Leise rollen Elektroautos durch die Stadt, über Nacht hängen sie alle an Steckdosen in Garagen, auf öffentlichen Parkplätzen, bei Hotels und Supermärkten. Die schöne, neue Mobilitäts-Zukunft hat leider einen Haken: So wie die Stromnetze derzeit ausgelegt sind, ist es unmöglich, dass alle E-Autos nachts gleichzeitig laden.
Eine Studie des Beratungsunternehmens Oliver Wyman warnt vor "flächendeckenden Stromausfällen in Deutschland", schon wenn der Anteil von E-Autos 30 Prozent aller Fahrzeuge erreicht. Das könne in einigen städtischen Randbezirken, wo die Leute besonders gern auf E-Autos umsteigen, schon in fünf bis sechs Jahren der Fall sein. Und die Chefin des deutschen Energieunternehmens Innogy setzt gleich eine weitere Warnung darauf: Eine Milliarde Euro müsste jährlich ins deutsche Stromnetz gesteckt werden, um es "E-Auto-fit" zu machen. Bezahlen müssten das natürlich die Stromkunden.
Von solchen Bedrohungen der Versorgungssicherheit wollen die österreichischen Stromversorger nicht reden. Sie nennen die deutschen Warnungen "Horrorszenarien", mit denen Energiekonzerne Eigeninteressen durchsetzen wollen.
Dass die E-Mobilität eine neue Herausforderung für das Stromnetz darstellt, sehen aber auch die heimischen Versorger. Die niederösterreichische EVN hat daher einen Testversuch in Seitenstetten gestartet. Dort wurde 20 Familien jeweils ein E-Auto und eine Ladestation zur Verfügung gestellt, um zu prüfen, ob die lokalen Stromleitungen das zeitlich geballte Laden von E-Autos aushalten. Fazit: "Wenn die Leute nachts laden – einer Zeit, in der das Netz wenig belastet wird –, reicht eine 230-Volt-Haus-Spannung durchaus aus. Zusatz: Es könne aber sein, dass die Autos nicht immer mit voller Leistung aufgeladen werden, sprich: In der Früh ist die Batterie nicht unbedingt zur Gänze wieder gefüllt. Diese Flexibilität der Ladungsmenge, die sich der Netzbetreiber vorbehält, ist für EVN-Sprecher Stefan Zach der Schlüssel dazu, dass E-Mobilität in großem Stil funktioniert.
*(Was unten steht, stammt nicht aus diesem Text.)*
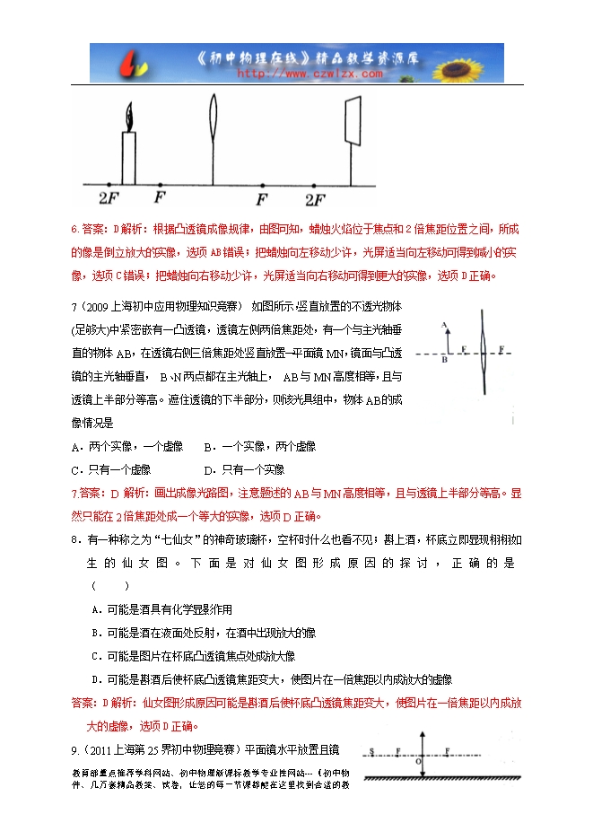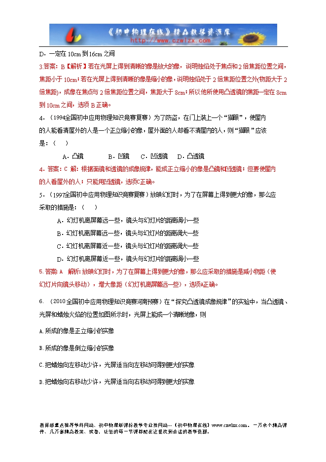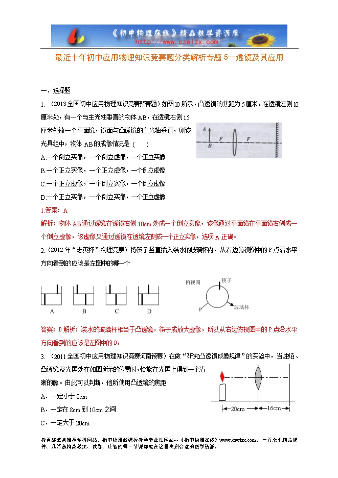 最近十年初中应用物理知识竞赛题分类解析专题5--透镜及其应用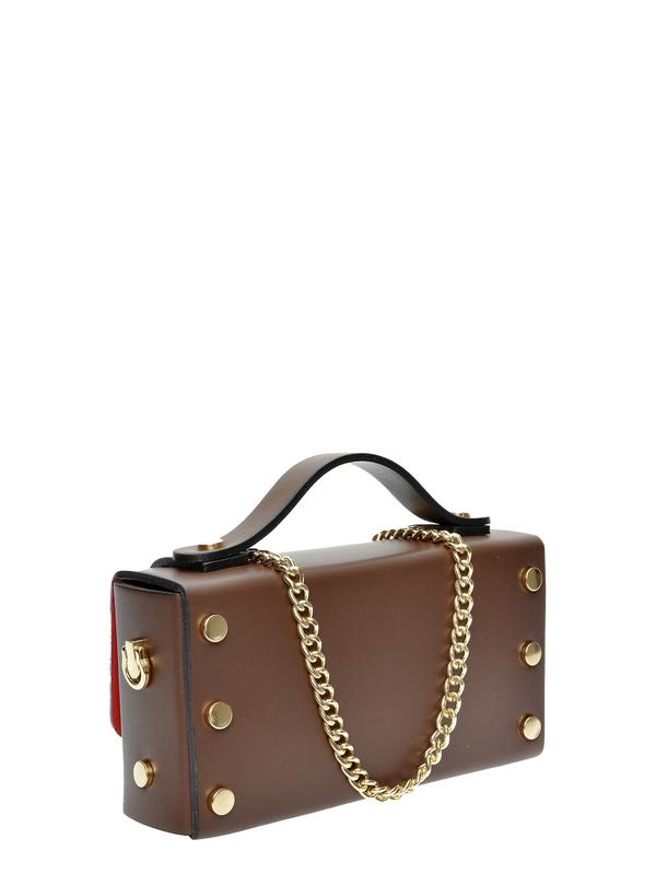 Top Handle Bag 100% smooth leather Flap with magnetic button closure Single top handle and detachable shoulder strap Contrasting interior lining Dimensions: 9 x 18 x 4.5 cm Handle: 12.5 cm Shoulder strap: 110 cm adjustable and detachable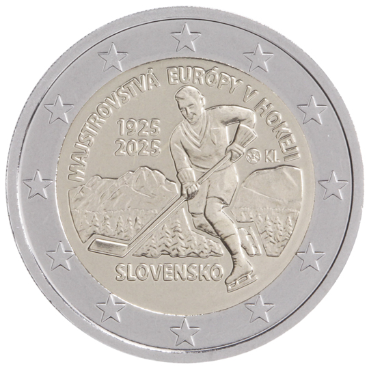 Description: The design depicts an ice hockey player in action, wearing a style of uniform typical of the period of the 1925 Ice Hockey European Championship. The player is set against a stylised panorama of the High Tatras, the Slovak mountain region where the championship took place. The inscription ‘MAJSTROVSTVÁ EURÓPY V HOKEJI’ (European championship in hockey) runs along the edge of the upper half of the coin’s inner circle. The years ‘1925’ and ‘2025’ appear in the upper left part of the design, one above the other. At the bottom is the name of the issuing country ‘SLOVENSKO’. To the right of the figure is the mint mark of Slovakia’s Kremnica Mint (Mincovňa Kremnica), the producer of the coin. Next to it are the initials ‘KL’ of the designer, Karol Ličko. The coin’s outer ring bears the 12 stars of the European flag.

"Wir brauchen Stromleitungen, die kommunizieren, also einen Ausgleich zwischen Verbraucher und Kraftwerken herstellen", sagt Zach. Eine Art "Spannungswächter" in den Haushalten sorgt dann dafür, dass im Falle der Netz-Überlastung durch zu viel gleichzeitiges Aufladen von E-Autos die Leistung reduziert wird. Für alle, die über Nacht aufladen, ist das kein großes Problem. Denn ob das Auto von den acht Stunden, die es am Netz hängt, von Mitternacht bis sechs Uhr früh oder von 23 Uhr bis fünf Uhr früh geladen wird, ist egal.
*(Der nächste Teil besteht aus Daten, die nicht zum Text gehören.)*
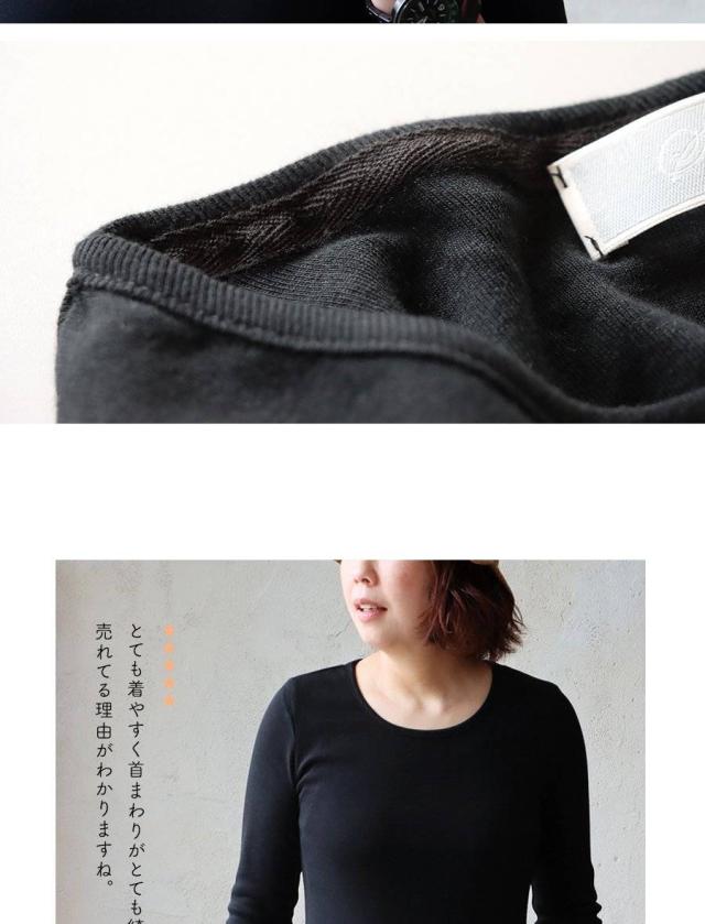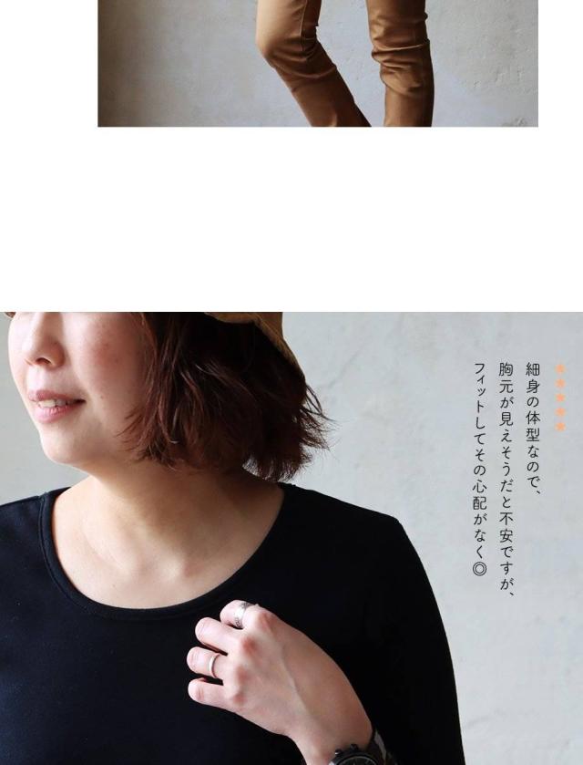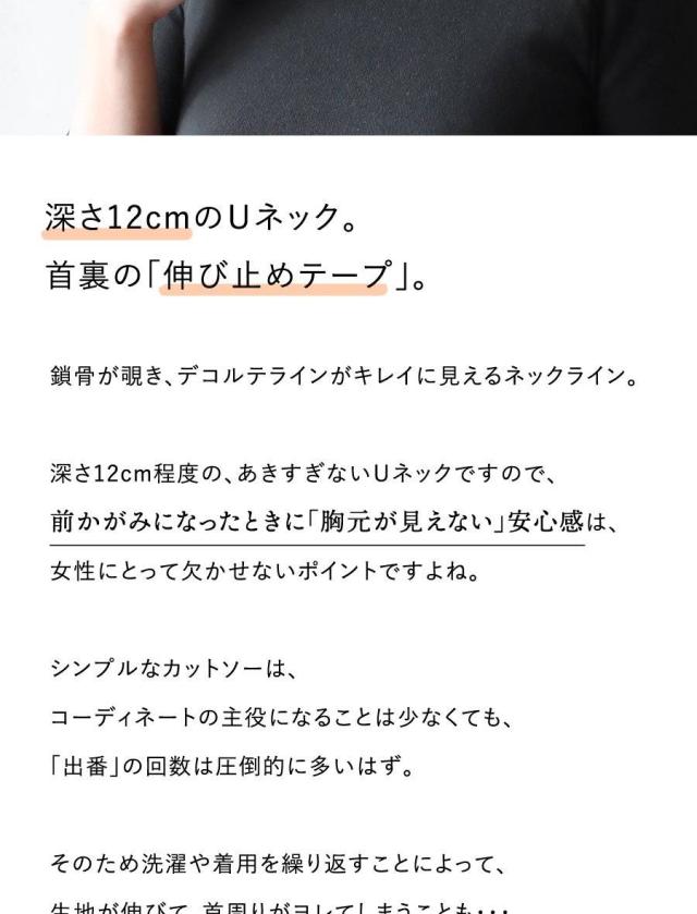 ・「胸元が見えない」安心の深さ12cmのUネック×首裏の「伸び止めテープ」。

Schwieriger wird es für all jene, die Schnellladestationen wollen. Diese sind mit normalen Hausanschlüssen von üblicherweise fünf Kilowatt nicht zu betreiben. "Schnellladestationen müssen entweder in der Nähe von Trafos stehen oder der Nutzer muss auf eigene Kosten seinen Anschluss verstärken", betont man in der E-Wirtschaft. Milliarden-Investitionen ins Stromnetz, so wie die deutsche Innogy-Chefin androhe, seien sozial unzumutbar. "Wie kommen all jene Menschen, die kein E-Auto haben, dazu, dass sie wegen der E-Mobilität viel mehr fürs Stromnetz zahlen müssen?", fragt Zach.
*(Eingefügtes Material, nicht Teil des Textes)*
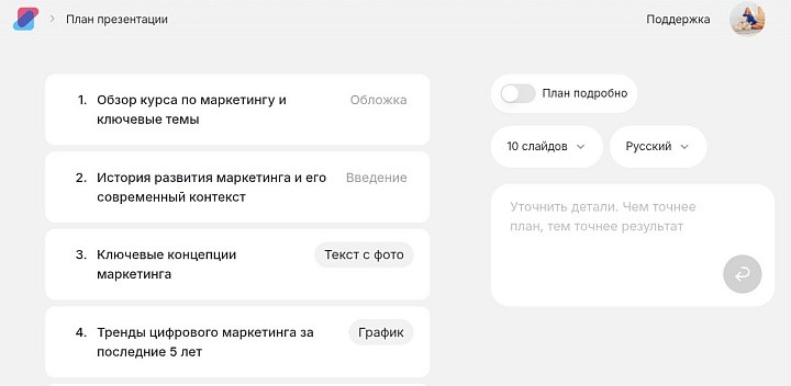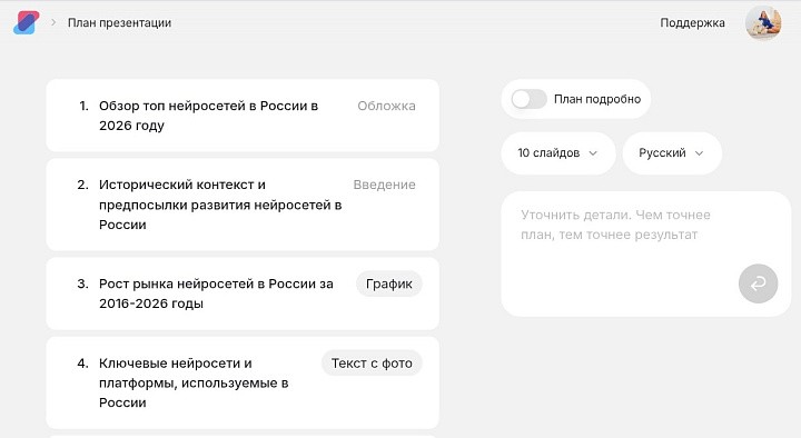 Сервис соберет структуру, а вы при необходимости ее отредактируете — добавляйте или удаляйте слайды вручную.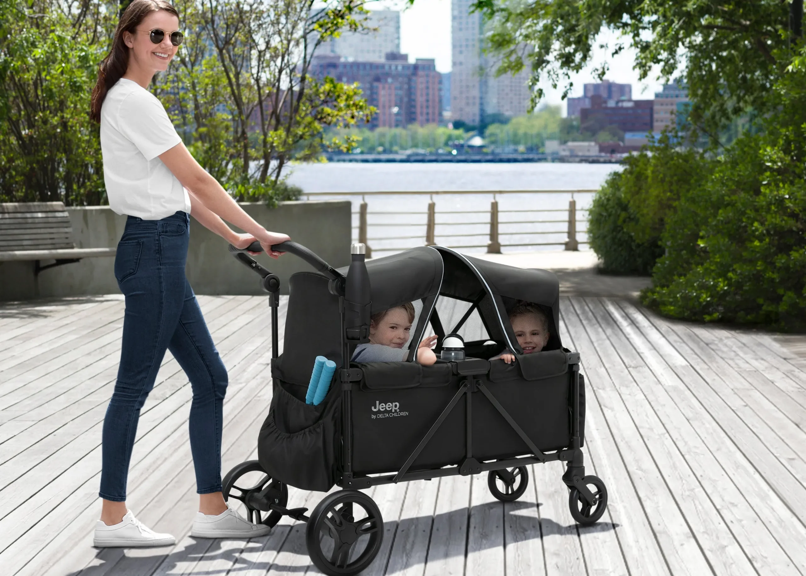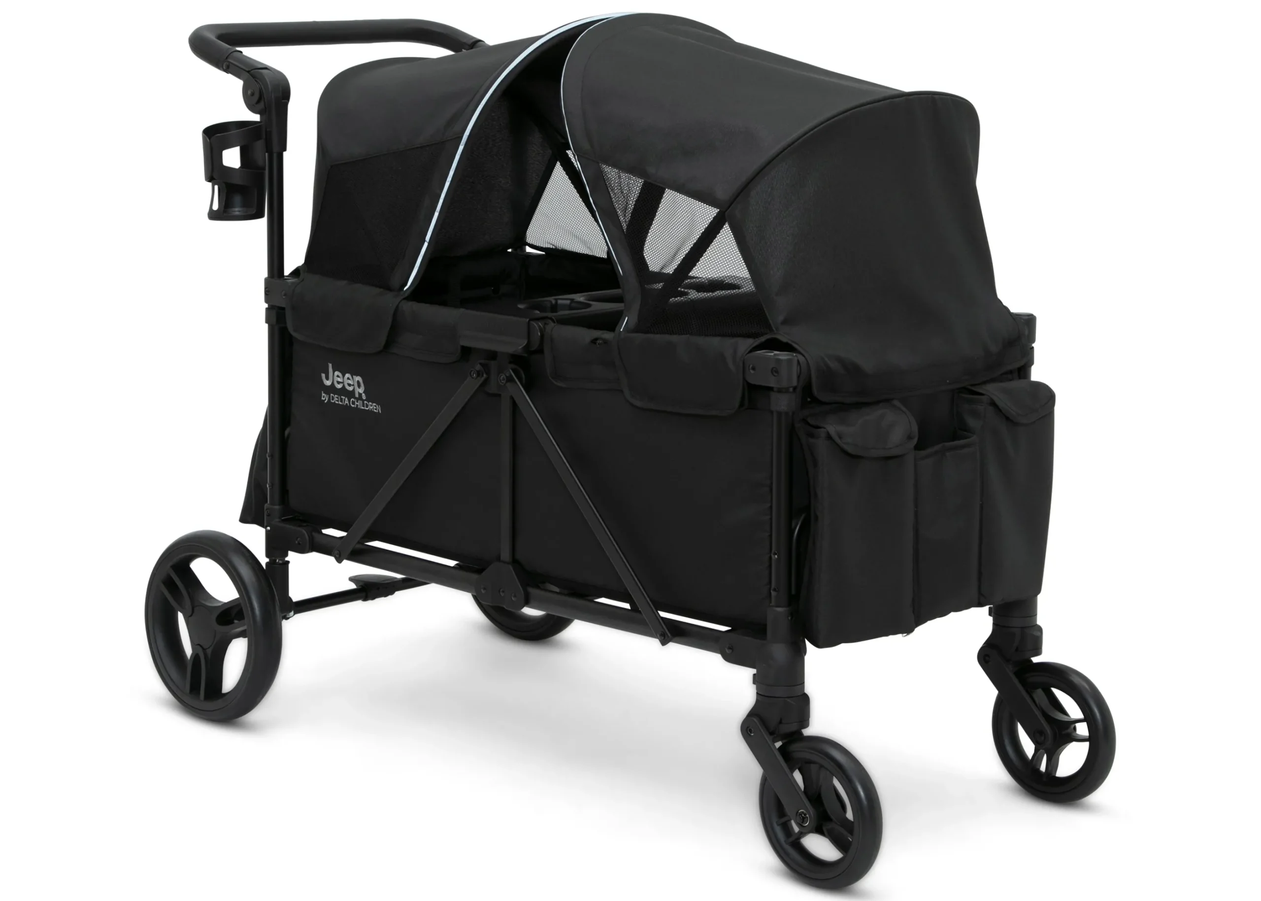 The Jeep Evolve Stroller Wagon by Delta Children will take you here, there and just about everywhere. A comfy option for siblings or friends, this versatile stroller wagon features two adjustable canopies with breathable mesh inserts for sun protection and increased airflow. With two kids safely in tow, the adjustable leatherette handlebar with five different positions gives you the ability to push or pull on your next adventure. Equipped with tons of storage inside and out, each wagon comes with an expandable bag, tons of pockets, parent cupholder and child’s tray with cup holders for snacks and drinks. Built to last, this wagon’s durable rust-resistant frame, puncture-proof tires and compact fold make it easy to stow or transport.More than a stroller wagon the Jeep Evolve Stroller Wagon by Delta Children makes it possible to create your own adventures with your family. Holds up to 100 lbs. (50 lbs. per seat). Weighs 30.5 lbs. Recommended for ages 9 months up to 50 lbs.Fits the following car seats (car seats and car seat adapter #A1970-001 sold separately): Graco SnugRide Click Connect 30, 35, 40 Evenflo Nurture Evenflo Embrace, Britax B-Safe 35, Chicco KeyFit 30.

Die Wien Energie geht denn auch mit gewisser Vorsicht ans Thema E-Autos heran. 500 Ladestellen gibt es laut Wien Energie-Sprecher Boris Kaspar derzeit. Bis 2020 sollen 1000 weitere dazu kommen. "Wenn an all diesen Ladestellen dann ein Auto hängt, hält das das Stromnetz leicht aus", sagt Kaspar.
In Oberösterreich bietet die Energie AG allen E-Auto-Besitzern eine so genannte Wallbox an. Das ist eine Stromladestation, die zum Beispiel in Garagen montiert werden kann. Sie sichert die Stromversorgung des Hauses beim Laden des E-Autos ab. Vor großflächigen Stromausfällen müsse in Österreich niemand Angst haben, meinen die Versorger. Blickt man auf die Zulassungszahlen von E-Autos, können sich die Stromfirmen mit der Netz-Aufrüstung durchaus noch Zeit lassen.